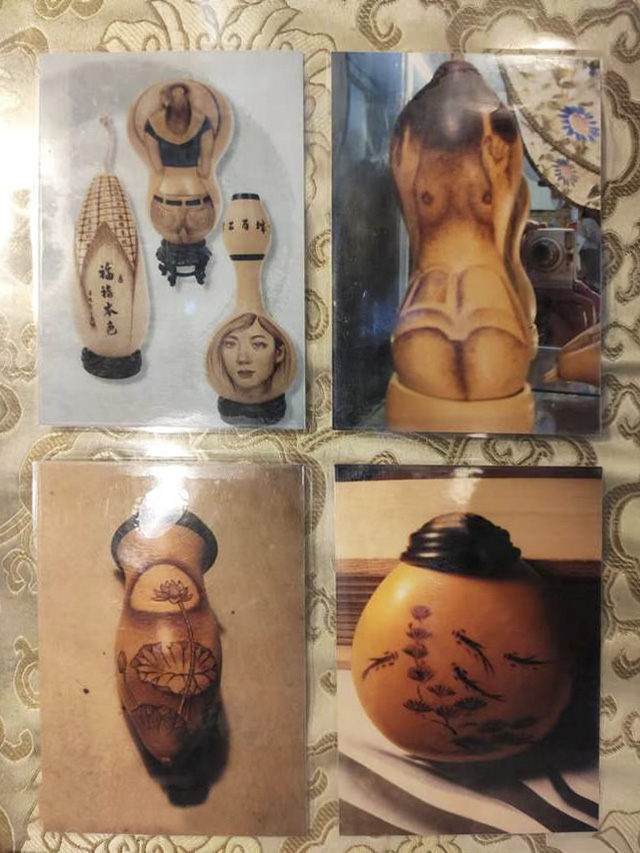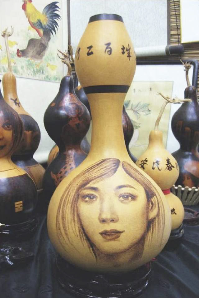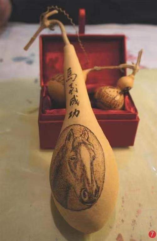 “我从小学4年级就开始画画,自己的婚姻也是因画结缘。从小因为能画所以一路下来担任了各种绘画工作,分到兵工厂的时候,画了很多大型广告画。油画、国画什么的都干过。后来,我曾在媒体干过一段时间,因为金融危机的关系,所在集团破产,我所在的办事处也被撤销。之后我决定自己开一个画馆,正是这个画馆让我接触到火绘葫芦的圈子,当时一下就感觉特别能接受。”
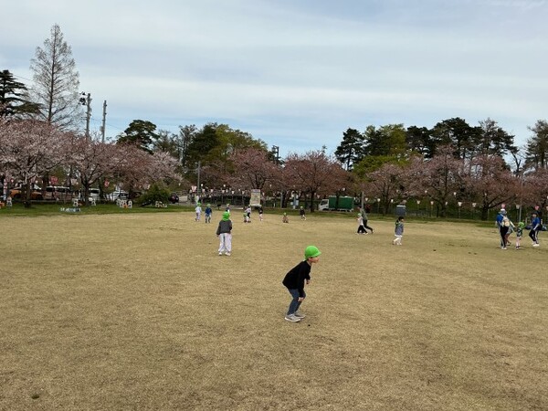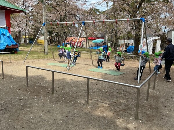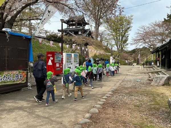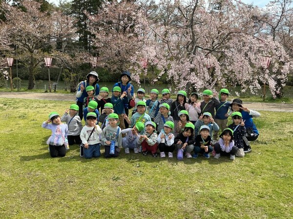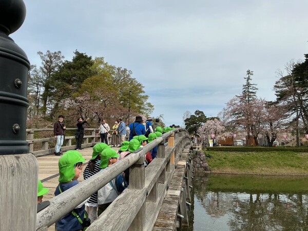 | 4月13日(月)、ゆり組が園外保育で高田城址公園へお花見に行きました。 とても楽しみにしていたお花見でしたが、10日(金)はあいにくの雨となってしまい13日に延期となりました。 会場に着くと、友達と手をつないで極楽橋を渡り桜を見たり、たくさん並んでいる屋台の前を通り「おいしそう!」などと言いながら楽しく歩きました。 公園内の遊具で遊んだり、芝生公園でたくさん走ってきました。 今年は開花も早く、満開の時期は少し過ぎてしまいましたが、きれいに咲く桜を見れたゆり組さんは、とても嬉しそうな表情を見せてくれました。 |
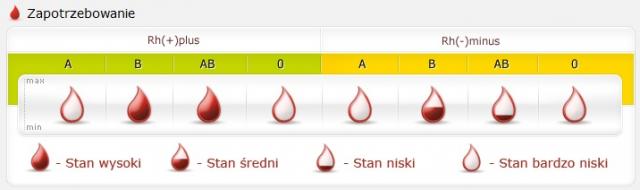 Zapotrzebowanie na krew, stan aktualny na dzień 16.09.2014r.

......

Apart from the pictures, repeat the data above exactly.

 “我从小学4年级就开始画画,自己的婚姻也是因画结缘。从小因为能画所以一路下来担任了各种绘画工作,分到兵工厂的时候,画了很多大型广告画。油画、国画什么的都干过。后来,我曾在媒体干过一段时间,因为金融危机的关系,所在集团破产,我所在的办事处也被撤销。之后我决定自己开一个画馆,正是这个画馆让我接触到火绘葫芦的圈子,当时一下就感觉特别能接受。”
 | 4月13日(月)、ゆり組が園外保育で高田城址公園へお花見に行きました。 とても楽しみにしていたお花見でしたが、10日(金)はあいにくの雨となってしまい13日に延期となりました。 会場に着くと、友達と手をつないで極楽橋を渡り桜を見たり、たくさん並んでいる屋台の前を通り「おいしそう!」などと言いながら楽しく歩きました。 公園内の遊具で遊んだり、芝生公園でたくさん走ってきました。 今年は開花も早く、満開の時期は少し過ぎてしまいましたが、きれいに咲く桜を見れたゆり組さんは、とても嬉しそうな表情を見せてくれました。 |
 Zapotrzebowanie na krew, stan aktualny na dzień 16.09.2014r.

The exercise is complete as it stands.